The task requires repeating, word for word, the lines from the one with "2012 年,射阳县水利局将港堤西段 72" through the end of the material, leaving out all pictures.

> _Dataset content_:
= = =

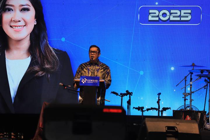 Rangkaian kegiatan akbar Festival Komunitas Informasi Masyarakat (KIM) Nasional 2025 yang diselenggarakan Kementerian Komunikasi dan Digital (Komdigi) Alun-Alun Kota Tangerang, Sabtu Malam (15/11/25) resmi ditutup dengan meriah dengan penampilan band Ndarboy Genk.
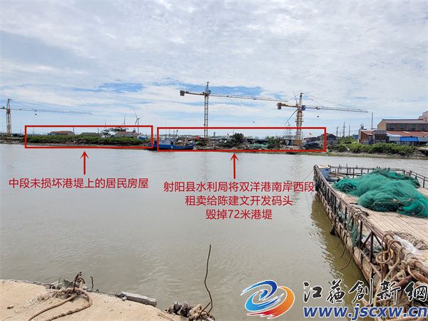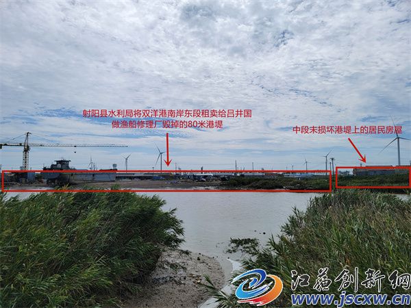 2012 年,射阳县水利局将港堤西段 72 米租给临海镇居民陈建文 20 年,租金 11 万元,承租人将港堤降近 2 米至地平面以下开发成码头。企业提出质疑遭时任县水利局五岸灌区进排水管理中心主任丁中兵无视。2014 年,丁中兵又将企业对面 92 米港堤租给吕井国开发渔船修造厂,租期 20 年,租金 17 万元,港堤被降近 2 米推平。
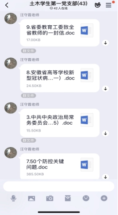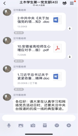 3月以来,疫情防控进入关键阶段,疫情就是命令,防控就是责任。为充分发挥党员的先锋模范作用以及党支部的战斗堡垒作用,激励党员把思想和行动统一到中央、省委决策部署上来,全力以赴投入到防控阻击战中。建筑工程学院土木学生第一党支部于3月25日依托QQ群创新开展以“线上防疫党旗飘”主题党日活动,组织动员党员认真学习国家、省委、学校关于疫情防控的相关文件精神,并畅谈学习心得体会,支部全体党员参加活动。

= = =

> _Output of the task_:
 2012 年,射阳县水利局将港堤西段 72 米租给临海镇居民陈建文 20 年,租金 11 万元,承租人将港堤降近 2 米至地平面以下开发成码头。企业提出质疑遭时任县水利局五岸灌区进排水管理中心主任丁中兵无视。2014 年,丁中兵又将企业对面 92 米港堤租给吕井国开发渔船修造厂,租期 20 年,租金 17 万元,港堤被降近 2 米推平。
 3月以来,疫情防控进入关键阶段,疫情就是命令,防控就是责任。为充分发挥党员的先锋模范作用以及党支部的战斗堡垒作用,激励党员把思想和行动统一到中央、省委决策部署上来,全力以赴投入到防控阻击战中。建筑工程学院土木学生第一党支部于3月25日依托QQ群创新开展以“线上防疫党旗飘”主题党日活动,组织动员党员认真学习国家、省委、学校关于疫情防控的相关文件精神,并畅谈学习心得体会,支部全体党员参加活动。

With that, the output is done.